The problem that saturate is solving only arises for floating point images. All other image types are by their nature always limited to their max value. By clamping to [0.0, 1.0] after the first scaling, we can ensure that afterwards no overflow errors can arise.

Am I missing something here, or is it just that simple?

Edit:

I think I understand the problem. In theory my way works if it wasn't for this pesky precision on floating point tensors:

import torch


def convert(x, dtype):
    return x.mul(torch.iinfo(dtype).max).to(dtype)


x = torch.tensor(1.0, dtype=torch.float)
for dtype in (torch.short, torch.int, torch.long):
    print(convert(x, dtype))

tensor(32767, dtype=torch.int16)
tensor(-2147483648, dtype=torch.int32)
tensor(-9223372036854775808)

I will handle this, but I will probably take some time.

pmeier · 2020-04-10T13:48:16Z

I think this will take some more work and decisions. I dug into the tf implementation and they are basically splitting this int 4 cases:

float to float
float to int
int to float
int to int

I'll go through them one by one.

pmeier · 2020-04-10T13:52:47Z

float to float

This is the simplest one as it is basically just a cast since the intervals are the same. One caveat though: even with saturate=True they do not perform any saturation. I don't see any reason why we shouldn't include it in this case. If we explicitly set saturate=True, the function should honor this. Thoughts?

pmeier · 2020-04-10T14:11:06Z

float to int

In tf they basically perform floor(image * (c + 0.5)) where c is the maximum value of the dtype, i.e. torch.iinfo(dtype).max. Lets assume we want to cast to uint2. This maps the values as follows:

{
    [  0, 2/7): 0,
    [2/7, 4/7): 1,
    [4/7, 6/7): 2,
    [6/7,   1]: 3,
}

As you can see the last interval is significantly smaller than the others. In general the last interval is given by [c / (c + 1/2), 1]. Thus, for higher values of c the interval will be even smaller.

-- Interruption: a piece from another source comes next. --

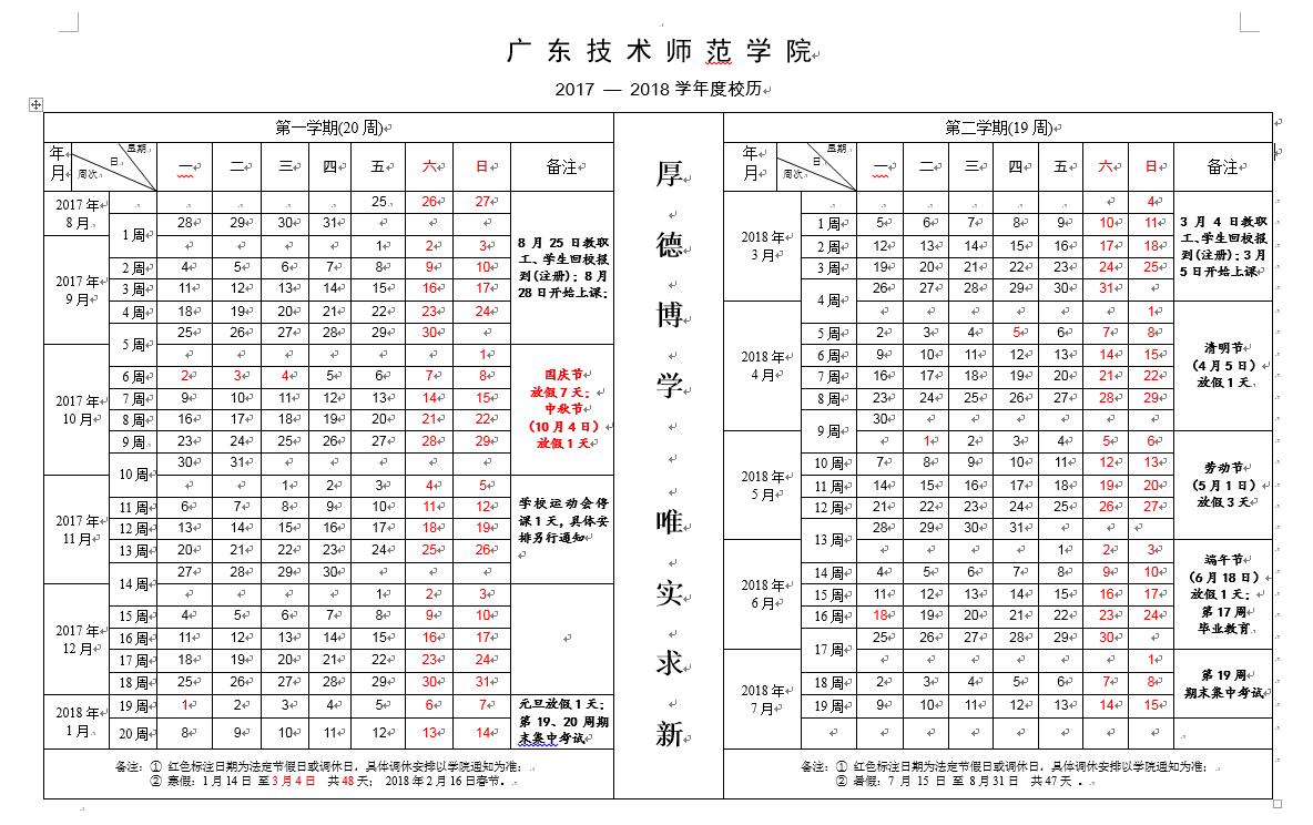 广东技术师范公司2017-2018学年校历

IMO we should aim for something like this:

{
    [  0, 1/4): 0,
    [1/4, 1/2): 1,
    [1/2, 4/4): 2,
    [3/4,   1]: 3,
}

We could achieve this with floor(min(image * (c+ 1), c)). I did some timing analysis:

import timeit
import torch


x = torch.ones((1, 3, 256, 256))
dtype = torch.uint8
c = float(torch.iinfo(dtype).max)

def theirs(x):
    return x.mul(c + 0.5).to(dtype)

def ours(x):
    return x.mul(c + 1.0).clamp(c).to(dtype)

number = 10000

their_time = timeit.timeit(lambda: theirs(x), number=number)
print(f"their time: {their_time /number * 1e6:.2f} µs")

our_time = timeit.timeit(lambda: ours(x), number=number)
print(f"our time: {our_time / number * 1e6:.2f} µs")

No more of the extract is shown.